Construction spending in July came in at 1.289 trillion dollars on seasonally adjusted, annual rate, only slightly above June’s figures. The seasonally adjusted construction data have now been revised back to January 2008. The downward revisions to June were large, which suggest an even weaker start to the third quarter. Total construction is now down 2.7% from a year ago, with most of the losses occurring in the private sector. Residential construction alone is off 6.6% from a year ago.
Private sector construction was hit hardest in July, with residential construction posting only small gains. Single-family construction picked up slightly, but was still in the red relative to a year ago. Multifamily construction has held up better relative to a year ago as builders are shifting to more affordable second-tier markets, but demand continues to outstrip supply. Restrictive zoning, labor shortages and higher tariffs have all increased the costs of construction, while making it more difficult for builders to move downstream where demand is the strongest. Even low mortgage rates have disappointed as they are not enough to offset the rise in prices in recent years. Residential construction is critical as it is a lead indicator when it comes to recession. It also accounts for almost half of private construction spending, which makes it one of the largest single drivers of overall construction activity.

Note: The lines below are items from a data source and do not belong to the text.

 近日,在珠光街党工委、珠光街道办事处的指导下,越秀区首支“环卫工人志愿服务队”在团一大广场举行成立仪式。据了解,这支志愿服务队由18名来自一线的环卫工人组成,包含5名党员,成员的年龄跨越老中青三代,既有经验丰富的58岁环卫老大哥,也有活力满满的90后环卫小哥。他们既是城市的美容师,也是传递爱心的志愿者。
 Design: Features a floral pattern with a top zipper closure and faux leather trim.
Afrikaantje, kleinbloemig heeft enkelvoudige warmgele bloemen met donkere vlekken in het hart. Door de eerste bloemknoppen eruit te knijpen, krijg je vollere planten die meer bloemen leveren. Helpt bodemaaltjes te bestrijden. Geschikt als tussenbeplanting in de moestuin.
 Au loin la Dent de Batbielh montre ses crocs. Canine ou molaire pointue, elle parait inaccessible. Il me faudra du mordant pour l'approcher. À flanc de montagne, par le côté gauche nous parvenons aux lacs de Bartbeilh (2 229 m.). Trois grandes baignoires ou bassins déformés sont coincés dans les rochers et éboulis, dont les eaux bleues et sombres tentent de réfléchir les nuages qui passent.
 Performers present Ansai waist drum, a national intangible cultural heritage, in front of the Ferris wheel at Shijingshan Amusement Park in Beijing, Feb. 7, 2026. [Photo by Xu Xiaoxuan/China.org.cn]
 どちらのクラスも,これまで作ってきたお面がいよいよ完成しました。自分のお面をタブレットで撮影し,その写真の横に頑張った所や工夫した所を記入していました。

The silver lining was public sector construction, which saw a slight boost during the month. The largest year-over-year gains were in commercial construction spending by the public sector. Next up was spending on sewage and waste disposal. Federal spending on highways and roads fell sharply in July, but is up more than 60% from a year ago. Even those gains, however, are not enough to keep up with repairs, let alone make major improvements in basic infrastructure.

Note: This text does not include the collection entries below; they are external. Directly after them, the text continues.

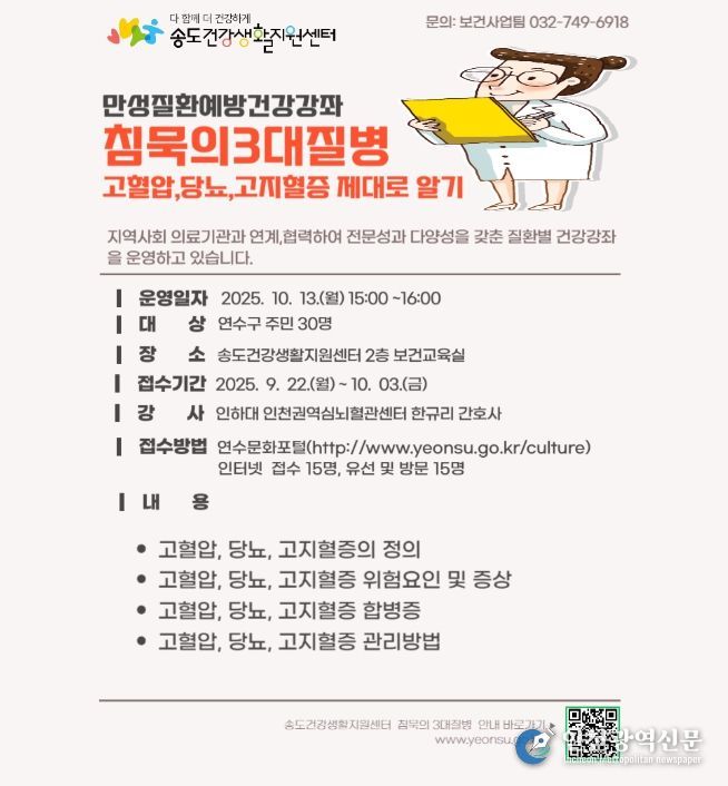 [인천광역신문] 최예준 기자 | 연수구 송도건강생활지원센터는 오는 10월 13일 지역 주민을 대상으로 무료 건강 강좌 ‘침묵의 3대 질병: 고혈압, 당뇨, 고지혈증 제대로 알기’를 진행한다.
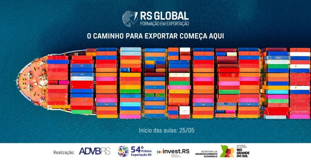 A Invest RS e a ADVB/RS, por meio do Conselho do Prêmio Exportação RS, acabam de abrir as inscrições para a nova edição do RS Global – Formação em Exportação. Com início em 25 de maio, o programa chega à segunda edição e busca capacitar empresas gaúchas para atuar de forma estratégica no mercado internacional, ampliando a competitividade e impulsionando as exportações do Estado.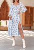 Floral V Neck Wrap Lace up Bubble Sleeve Dress LC6117237-7

The damages and rebuilding associated with Hurricane Dorian have yet to be felt. However, we no longer get as large of a boost from reconstruction activity following hurricanes as we once did. Flooding is the largest problem, as many lack the flood insurance needed to cover reconstruction costs. Parts of Houston, which were ravaged by Hurricane Harvey in 2017, are still in shambles.

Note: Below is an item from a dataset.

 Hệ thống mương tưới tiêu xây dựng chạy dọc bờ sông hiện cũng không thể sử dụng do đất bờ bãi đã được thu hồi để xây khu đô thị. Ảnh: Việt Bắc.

Separately, the Institute for Supply Management (ISM) index, dipped to below 50 (the threshold for positive industry measures) in August, the first dip below 50 since 2016. New export orders dropped to their lowest level since 2009, when trade contracted in response to the global financial crisis. The trade war with China and rising tariffs topped the list of current concerns. Employment also contracted, which marks the second shoe to drop for manufacturing. Hours worked had already fallen in recent months, as the slowdown in exports and tariffs took a bite out of manufacturing activity. This could portend a weak August employment report.
Construction and manufacturing activity are beginning to flash red signals. Either we see a cessation in the trade war with China and rebound in growth abroad, or the worries that have plagued business will seep into consumer spending. The manufacturing sector is already in a recession. The risks that losses become more broad-based are rising.